Когда пеший небесный ярус наконец иссяк водою, из-за просторной груди Большой Реки взошла радуга. Она уходила в небо высоко и круто, предвещая спокойные солнечные дни. Обретшие свежесть и цвет травы расправили листья. Цветы смыкались на ночь, храня в чашечках и купинках соцветий драгоценную влагу, а по утрам унизывались росами от корней до бутонов. Даже бородатые лишайники распышнелись на выступах скал, и никуда не годная пальчатая трава буйно взялась на солонцовых землях.
Табунщики следили за тем, чтобы лошади не переедали черного хвоща, достигшего в низких сырых местах среднего роста человека-мужчины. Не знающих меры кобылиц и жеребят могла разбить кратковременная, но злая болезнь-шатун.
А коровам хоть бы что – забредали в хвощи с головой и с утра до вечера хрустели сочными стеблями. Потом шли домой, ступая важно, сытые, тучные, с круглыми боками и распертым молоком выменем. В разные стороны топырились толстые розовые пальцы сосцов, на ходу кропя землю яркими белыми каплями.
Ветер катился по аласам, пригибая травы волна за волной, как валы на реке. Подошло сенокосное время – самое важное для народа саха. От этого времени зависит жизнь домашних животных, а значит, людей. Эленцы спешили заказать Тимиру новые сенокосные батасы-горбуши, а Силису удобные черни к ним с выглаженными выемками для пальцев и запяткой по правому боку. Правили косу оселком, затем подтачивали лезвие кремнем и совершали обряд первой прокосной дорожки, обрызгивая ее суоратом. Наперво прошлись в потных поемных местах, пока не огрубели тамошние резучие травы.

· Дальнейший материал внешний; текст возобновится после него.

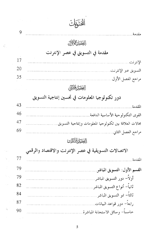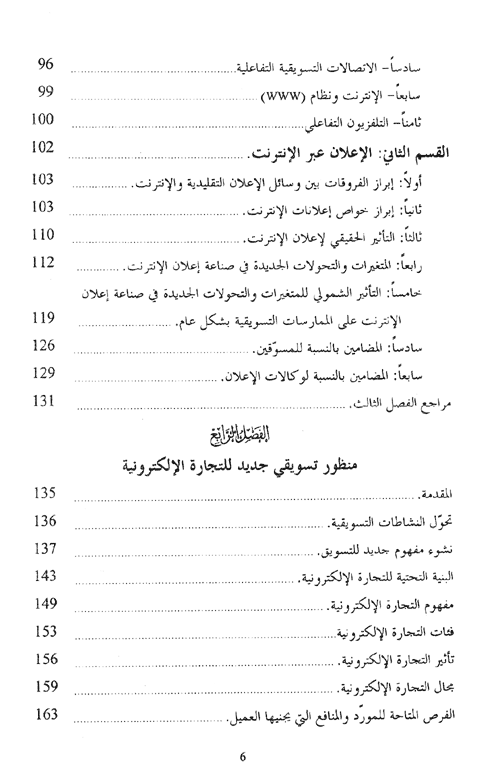 وقد جاءت لغة الكتاب مبسطة، لكن متعمقة، تتخللها أمثلة وشواهد ميدانية تضفي طابعاً عملياً وتطبيقياً على منهجية الكتاب. كما جاءت فصول الكتاب متكاملة وموحدة في الاتجاه القائل بأن المعلومات اليوم أصبحت تتبوأ موقعاً رفيعاً باعتبارها تشكل واحداً من أهم عناصر تكوين الثروة.نبذة الناشر:يبحث هذا الكتاب في كيفية أستخدام تقنية وطاقات الأنترنت الهائلة لتحسين الكفاءة والفاعلية التسويقية في عصر الأقتصاد الرقمي الذي يتسم بالديناميكية العاليو واللامحدودية في أختراق الأسواق التنافسية وصولا لهدف أشباع حاجات ورغبات وتطلعات العملاء على أختلاف أنواعهم ومسمياتهم وقد جاءت لغة هذا بسيطة لكن معمقة تتخللها أمثلة وشواهد ميدانية تطفي طابعا عمليا وتطبيقيا على منهجية الكتاب .

На восходе косари выпивали кумыса едва ли не по ведру и целый день ничего не ели. Лишь в ужин наедались мясом до отвала, чтобы в надсаженные мышцы вникла за ночь убывшая днем сила. Не то сдуешься к утру пустым бурдюком и вовсе не встанешь.

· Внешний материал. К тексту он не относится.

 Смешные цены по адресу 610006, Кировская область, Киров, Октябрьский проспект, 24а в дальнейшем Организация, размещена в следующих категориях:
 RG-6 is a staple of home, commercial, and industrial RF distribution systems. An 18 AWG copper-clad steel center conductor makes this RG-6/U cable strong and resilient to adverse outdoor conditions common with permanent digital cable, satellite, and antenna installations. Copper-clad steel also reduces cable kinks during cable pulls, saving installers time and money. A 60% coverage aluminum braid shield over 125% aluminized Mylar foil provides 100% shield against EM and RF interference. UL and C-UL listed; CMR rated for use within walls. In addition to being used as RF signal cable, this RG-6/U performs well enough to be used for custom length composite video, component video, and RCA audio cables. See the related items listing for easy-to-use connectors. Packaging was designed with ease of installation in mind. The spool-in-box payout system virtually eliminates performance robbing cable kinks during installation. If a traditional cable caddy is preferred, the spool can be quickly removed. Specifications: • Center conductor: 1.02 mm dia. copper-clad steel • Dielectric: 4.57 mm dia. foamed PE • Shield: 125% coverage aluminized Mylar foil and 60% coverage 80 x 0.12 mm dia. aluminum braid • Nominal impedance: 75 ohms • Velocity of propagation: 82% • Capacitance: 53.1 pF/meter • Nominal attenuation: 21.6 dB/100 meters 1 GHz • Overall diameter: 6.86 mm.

Нет в землях народа саха мест, какие не славились бы добрыми косарями, и в Элен их имелось в достатке. Так почему бы не посоревноваться! Любо смотреть, как сверкают на солнце слаженно взмахивающие дуги кос и, опускаясь резцами, валят траву полукругом. А то, по другому навыку, умельцы шли широко, рубя наотмашь в обе стороны. Многие старики не менее ловко и споро косили по старинке длинными костяными ножами. Больше предпочитали кость, не доверяя железу. Из плохо очищенного батаса мог выпрыгнуть вредоносный рудый дух-косец.